## GIVEN RECORDS

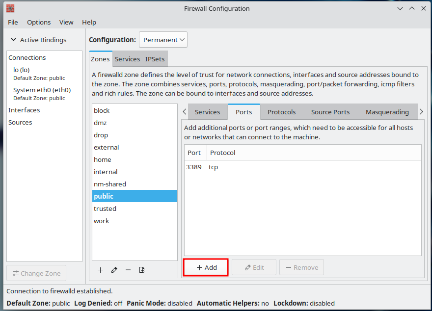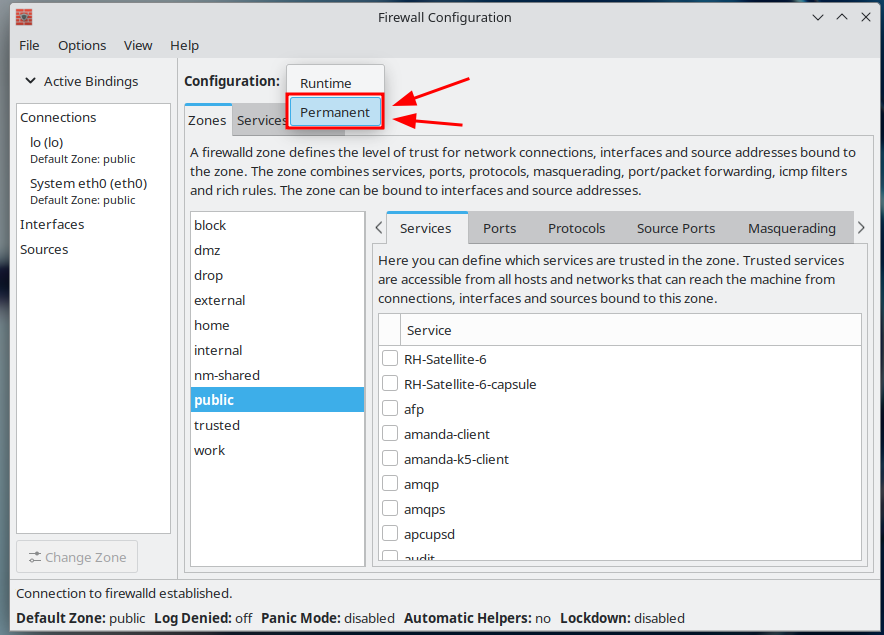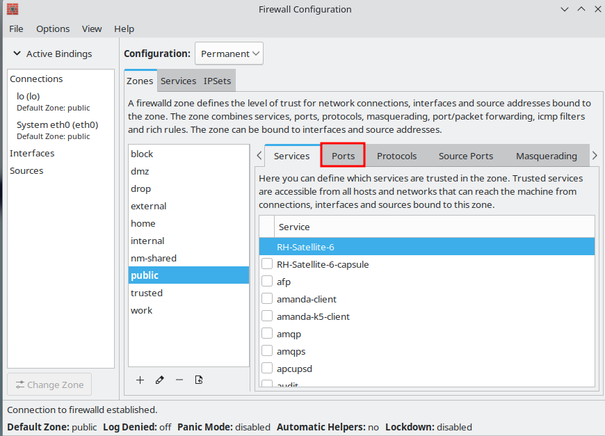 Laita Configuration kohdasta päälle Permanent jotta laittamasi portit pysyvät uudelleen käynnistyksen jälkeen
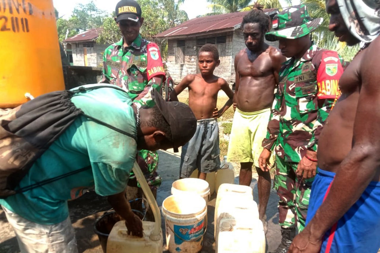 Babinsa Koramil 1707-09/Kimaam Kodim 17107/Merauke Sertu Datus Lobya dan Serda Herman memberikan/menyalurkan air bersih kepada masyarakat Kampung Woner Distrik Kimaam Kabupaten Merauke - Papua Selatan. Jum'at (27/10/23).
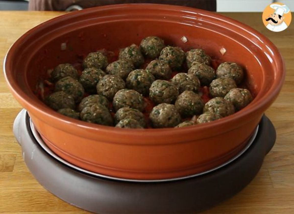Prélevez un peu de viande et formez des boulettes de la taille d'une balle de ping-pong. Placez-les au fur et à mesure dans le tajine, sur le mélange à base de pulpe de tomate.
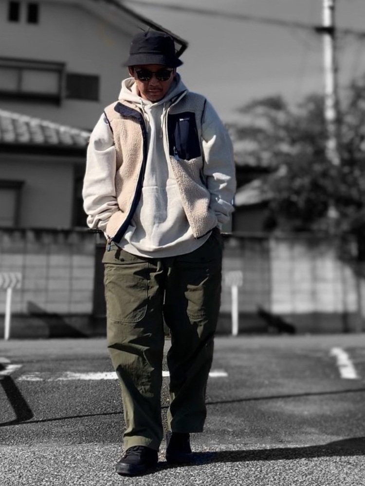 パタゴニアレトロXベストにパーカー、ワイドパンツを合わせたコーデです。全体的にボリュームがありますが、ベストを合わせていることでだらしなくない、まとまった着こなしに。ハットと足下をブラックで締めることで、メリハリがついています。
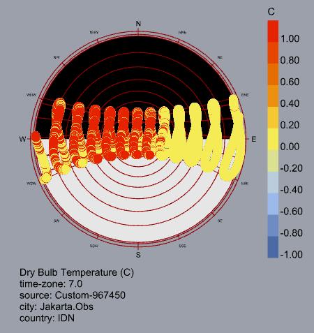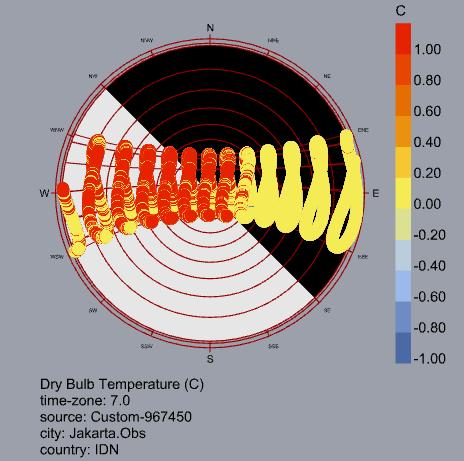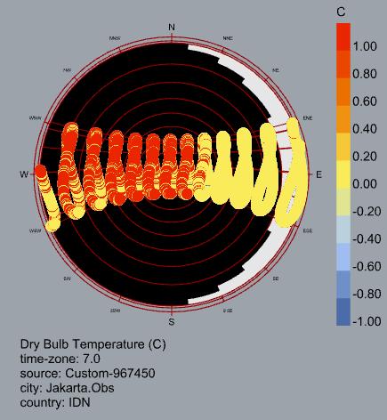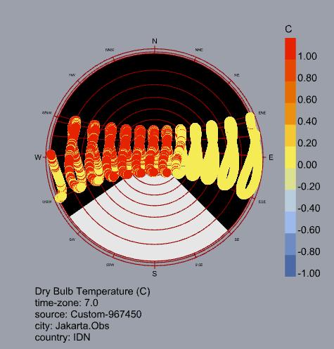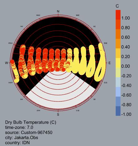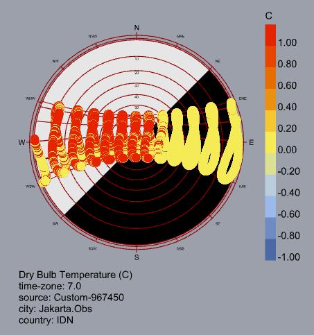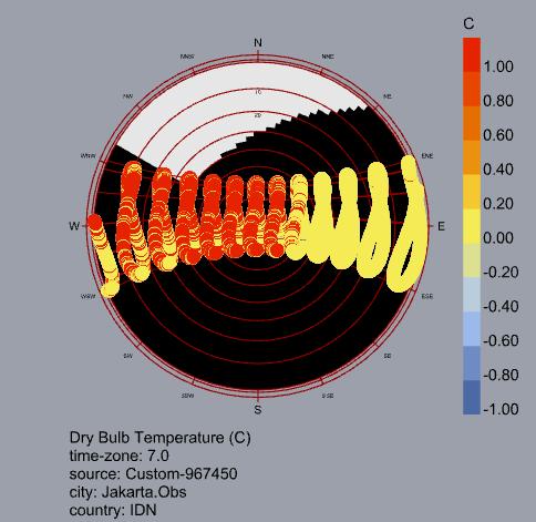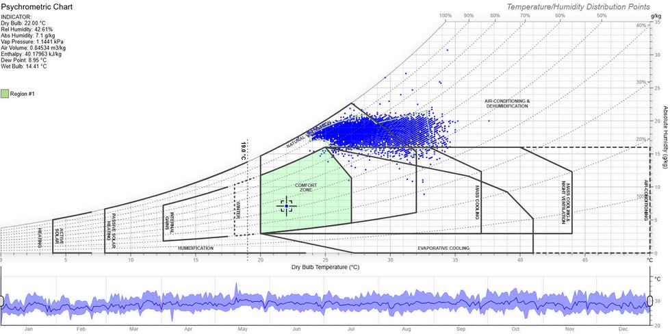 El análisis bioclimático de Yakarta evidencia un clima cálido y húmedo estable durante todo el año, sin estaciones marcadas y con temperaturas que permanecen entre 26 °C y 30 °C. Estas condiciones generan una alta sensación térmica y demandan estrategias enfocadas en el enfriamiento y control de humedad.
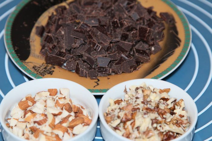 Орехи и шоколад рубим крупно.
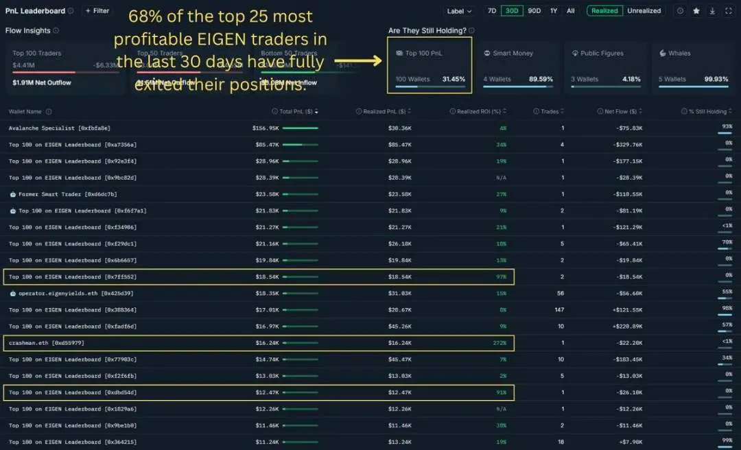 首先引人注目的是:过去 30 天内,$EIGEN 最赚钱的前 25 名交易者中,有 68% 已经完全清仓。他们不是部分获利了结,而是彻底退出。
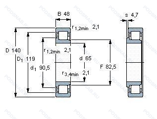 Модификации цилиндрического роликового подшипника NJ2313-E-M1-C3 — это измененное основное конструктивное исполнение NJ2313, основные размеры (65x140x48) не отличаются.
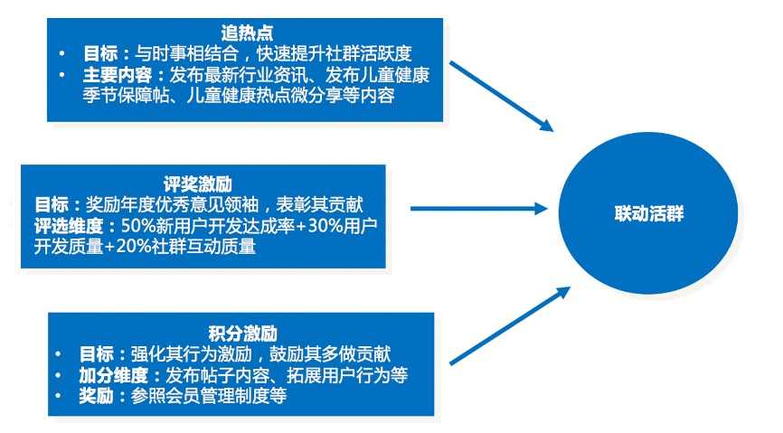 第四步:聯(lián)動活群。與時事相結合,追社會熱點;對社群意見領袖進行評選,獎勵年度優(yōu)秀意見領袖,表彰其優(yōu)質貢獻,并以“行為積分”等強化醫(yī)學帖設定,提升患者社群參與積極性。
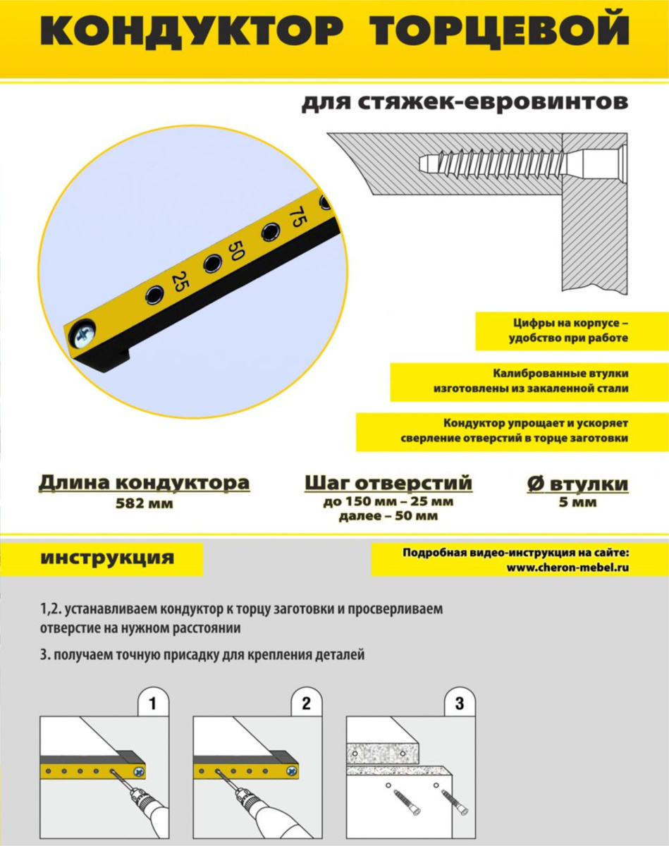 Кондуктор применим для соединения плит на "евровинт"/"конфирмат"

## INSTRUCTIONS FOR THE TASK
Copy every record above exactly, leaving out the pictures.

## TASK SOLUTION
 Laita Configuration kohdasta päälle Permanent jotta laittamasi portit pysyvät uudelleen käynnistyksen jälkeen
 Babinsa Koramil 1707-09/Kimaam Kodim 17107/Merauke Sertu Datus Lobya dan Serda Herman memberikan/menyalurkan air bersih kepada masyarakat Kampung Woner Distrik Kimaam Kabupaten Merauke - Papua Selatan. Jum'at (27/10/23).
Prélevez un peu de viande et formez des boulettes de la taille d'une balle de ping-pong. Placez-les au fur et à mesure dans le tajine, sur le mélange à base de pulpe de tomate.
 パタゴニアレトロXベストにパーカー、ワイドパンツを合わせたコーデです。全体的にボリュームがありますが、ベストを合わせていることでだらしなくない、まとまった着こなしに。ハットと足下をブラックで締めることで、メリハリがついています。
 El análisis bioclimático de Yakarta evidencia un clima cálido y húmedo estable durante todo el año, sin estaciones marcadas y con temperaturas que permanecen entre 26 °C y 30 °C. Estas condiciones generan una alta sensación térmica y demandan estrategias enfocadas en el enfriamiento y control de humedad.
 Орехи и шоколад рубим крупно.
 首先引人注目的是:过去 30 天内,$EIGEN 最赚钱的前 25 名交易者中,有 68% 已经完全清仓。他们不是部分获利了结,而是彻底退出。
 Модификации цилиндрического роликового подшипника NJ2313-E-M1-C3 — это измененное основное конструктивное исполнение NJ2313, основные размеры (65x140x48) не отличаются.
 第四步:聯(lián)動活群。與時事相結合,追社會熱點;對社群意見領袖進行評選,獎勵年度優(yōu)秀意見領袖,表彰其優(yōu)質貢獻,并以“行為積分”等強化醫(yī)學帖設定,提升患者社群參與積極性。
 Кондуктор применим для соединения плит на "евровинт"/"конфирмат"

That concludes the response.